§ Items listed in a dataset:
^^^^^^^^^^^^^^^^
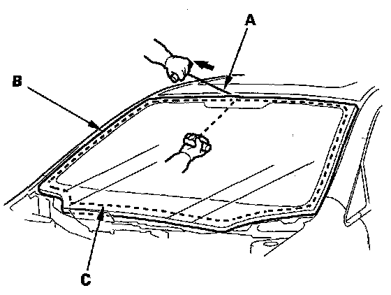 6. With a helper on the outside, pull the piano wire (A) back and forth in a sawing motion. Hold the piano wire as close to the windshield (B) as possible to prevent damage to the body and dashboard. Carefully cut through the rubber dam and adhesive (C) around the entire windshield.
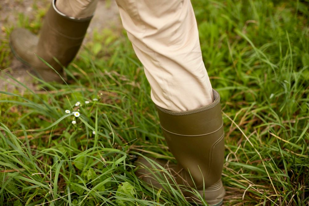 Ljusa långbyxor med benen nerstoppade i strumporna gör det svårt för fästingarna att hitta in och lätt för dig att fånga dem om de försöker. Looken kompletteras gärna med rejäla stövlar.
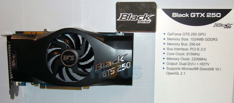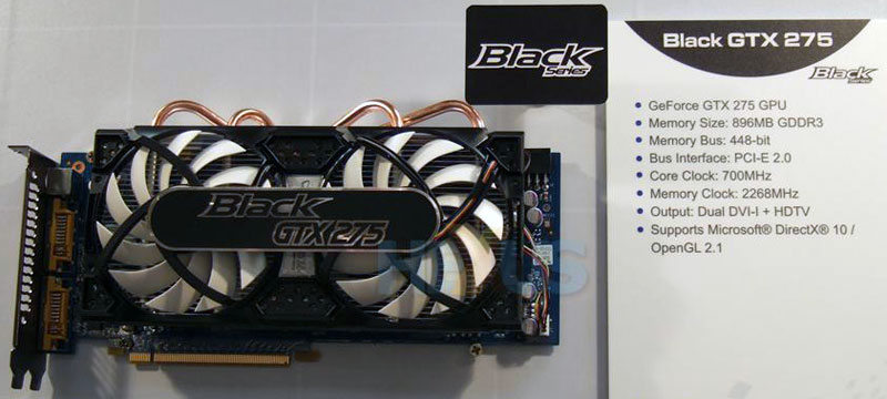 La mode est aux cartes graphiques customisées, et ECS y va des siennes lors du Computex, avec sa série "Black" (XFX doit apprécier). Partenaire Nvidia exclusivement, les ECS Black sont toutes de la gamme GeForce, et 3 références pour le moment sont présentées : deux GTS 250 et une GTX 275. Commençons par les GTS 250. Leur point commun : un overclocking GPU poussé comme jamais, avec 815MHz au compteur contre, pour rappel, 738MHz d’origine. Les ressemblances s’arrêtent là par contre, car après ECS a opté pour des choix différents, y compris dans les refroidissements utilisés. La première GTS 250 Black possèdera en effet 1Go de GDDR3 cadencée classiquement à 2200MHz, et un gros ventirad avec un seul ventilateur au centre, mais un modèle à 11 pales et qui semble bien faire 100mm de diamètre. La seconde sera elle dorée de 2Go de mémoire vive, une quantité non seulement sans intérêt sur une telle carte, mais qui plus est manquant de performance puisqu’elle ne sera cadencée qu’à 1800MHz. Pour cette seconde GTS 250 ECS a opté pour un ventirad à 2 ventilateurs, de plus faible diamètre. Pour finir la GTX 275 embarque elle un refroidissement signé Arctic Cooling : l’Accelero Twin Turbo Pro, qui diffère du premier modèle par la présence de deux ventilateurs à 11 pales de 90mm de diamètre contre de classiques 80mm sur le Twin Turbo premier du nom. Là encore le GPU sera bien overclocké d’origine, avec 700MHz au lieu de 633MHz. Les 896Mo de GDDR3 seront eux à 2268MHz. Photos en suite de news. (Source HeXus)
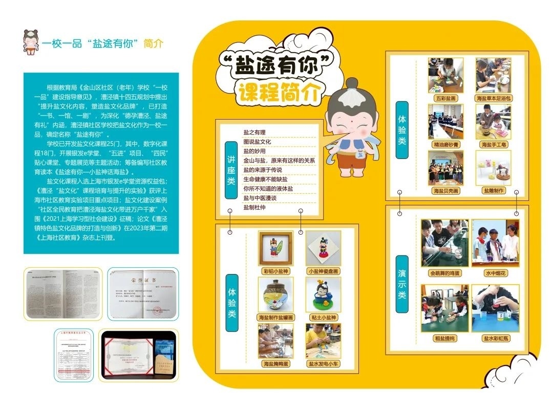 漕泾镇社区学校自2020年创建《盐途有你》终身学习品牌项目以来,深入开展研发,将盐文化元素与各类课程融合,目前已开发盐文化课程25门,其中数字化课程18门。该项目年均开展72场盐文化体验活动,为市、区、镇三级各年龄段的居民提供学习服务,累计已有35694人次参与,深受社区居民喜爱。
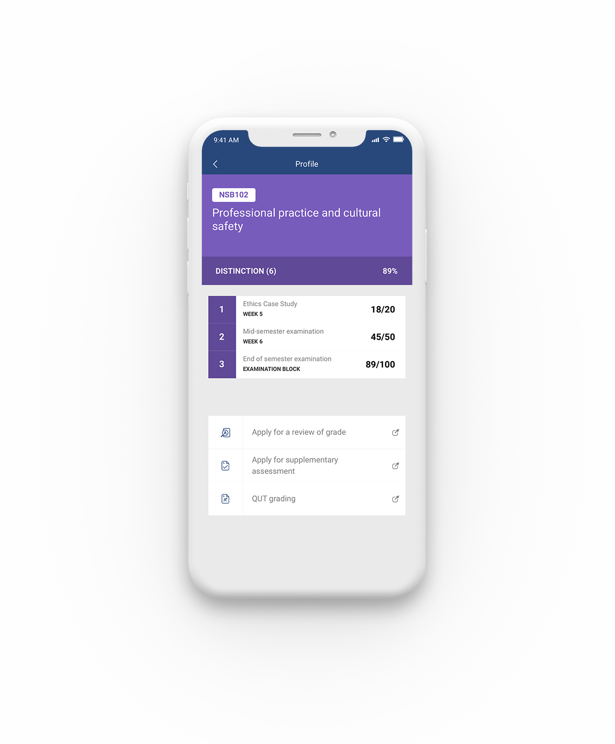 Students are able to find a complete history of their grades for a course, see how this affects their overall grade and apply for any reviews necessary.
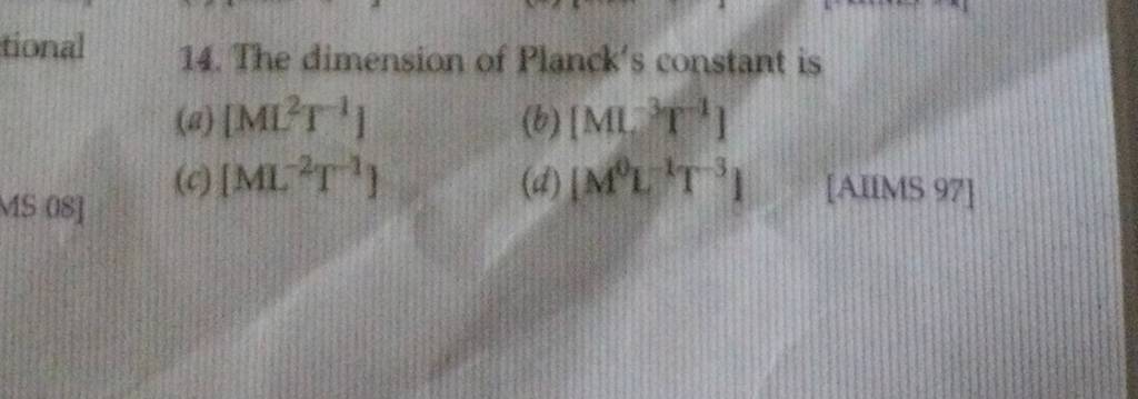 The dimensional formula of Plancks constant is (1997 2009) Filo
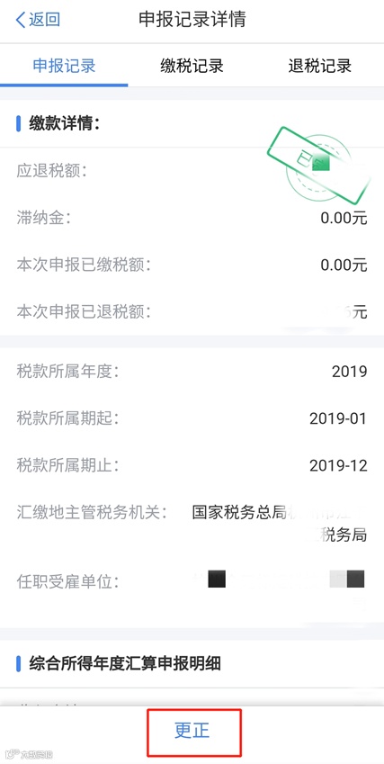 第一步:点击“申报记录详情”页面右下方的【更正】,选择【更正年度自行申报】;
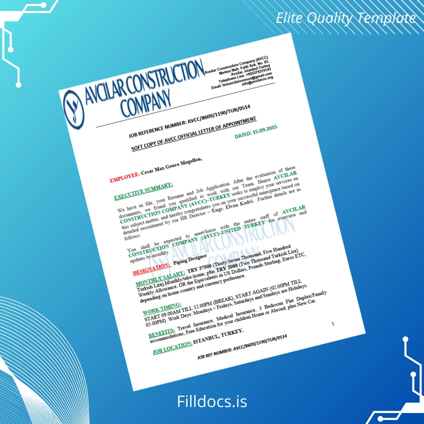 Effortlessly Verify Employment with Turkey Avcilar Construction Company Template
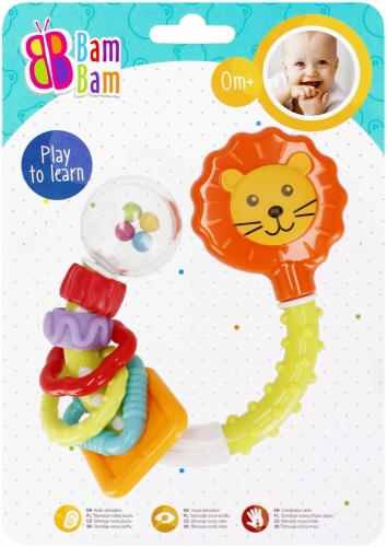 GRZECHOTKA LWIĄTKO: Grzechotka Lew BAM BAM o stonowanej kolorystyce dostarcza wiele radości dziecku już od narodzin. Potrząsanie zabawki, wywołuje charakterystyczne dźwięki uwrażliwiając je na rozróżnianie ich natężenia. Kolorowe krążki oraz kuleczki w przeźroczystej kuli na pewno zaciekawią malucha . Zabawka rozwija zmysł wzroku, dotyku, słuchu oraz zdolności manualne dziecka. Wymiary/waga/baterie: wymiary produktu (dł. x wys. x gł.)[cm]: 12x13x4, wymiary opakowania (dł. x wys. x gł.)[cm]: 15x20x4, waga produktu bez opakowania [kg]: 0,07 kg, waga produktu w opakowaniu [kg]: 0,09 kg, nie wymaga zasilania bateriami. Zabawka przeznaczona dla dzieci w wieku: 0m+. Pakowana na blistrze. W kartonie zbiorczym po 24 szt.
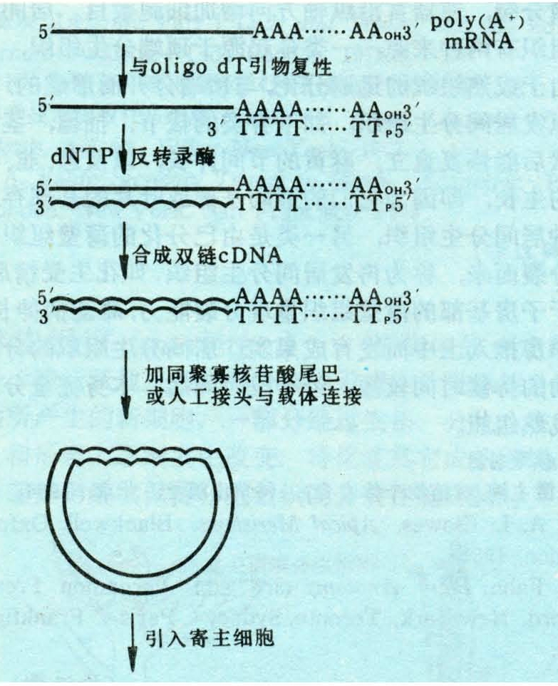cDNA克隆是以mRNA为原材料,经体外反转录合成互补的DNA(cDNA),再与载体DNA分子连接引入寄主细胞(图1)。每一cDNA反映一种mRNA的结构,cDNA克隆的分布也反映了mRNA的分布。cDNA克隆的特点是:①有些生物,如RNA病毒没有DNA,只能用cDNA克隆;②cDNA克隆易筛选,因为cDNA库中不包含非结构基因的克隆,而且每一cDNA克隆只含一个mRNA的信息;③cDNA能在细菌中表达。cDNA仅代表某一发育阶段表达出来的遗传信息,只有基因文库才包含一个生物的完整遗传信息。
^^^^^^^^^^^^^^^^
§ Problem requirements:
In the entries above, find the line with "Students are able" and the line with "GRZECHOTKA LWIĄTKO: Grzechotka". Return exactly those lines and all the ones between them, pictures excluded.

§ Answer to the exercise:
 Students are able to find a complete history of their grades for a course, see how this affects their overall grade and apply for any reviews necessary.
 The dimensional formula of Plancks constant is (1997 2009) Filo
 第一步:点击“申报记录详情”页面右下方的【更正】,选择【更正年度自行申报】;
 Effortlessly Verify Employment with Turkey Avcilar Construction Company Template
 GRZECHOTKA LWIĄTKO: Grzechotka Lew BAM BAM o stonowanej kolorystyce dostarcza wiele radości dziecku już od narodzin. Potrząsanie zabawki, wywołuje charakterystyczne dźwięki uwrażliwiając je na rozróżnianie ich natężenia. Kolorowe krążki oraz kuleczki w przeźroczystej kuli na pewno zaciekawią malucha . Zabawka rozwija zmysł wzroku, dotyku, słuchu oraz zdolności manualne dziecka. Wymiary/waga/baterie: wymiary produktu (dł. x wys. x gł.)[cm]: 12x13x4, wymiary opakowania (dł. x wys. x gł.)[cm]: 15x20x4, waga produktu bez opakowania [kg]: 0,07 kg, waga produktu w opakowaniu [kg]: 0,09 kg, nie wymaga zasilania bateriami. Zabawka przeznaczona dla dzieci w wieku: 0m+. Pakowana na blistrze. W kartonie zbiorczym po 24 szt.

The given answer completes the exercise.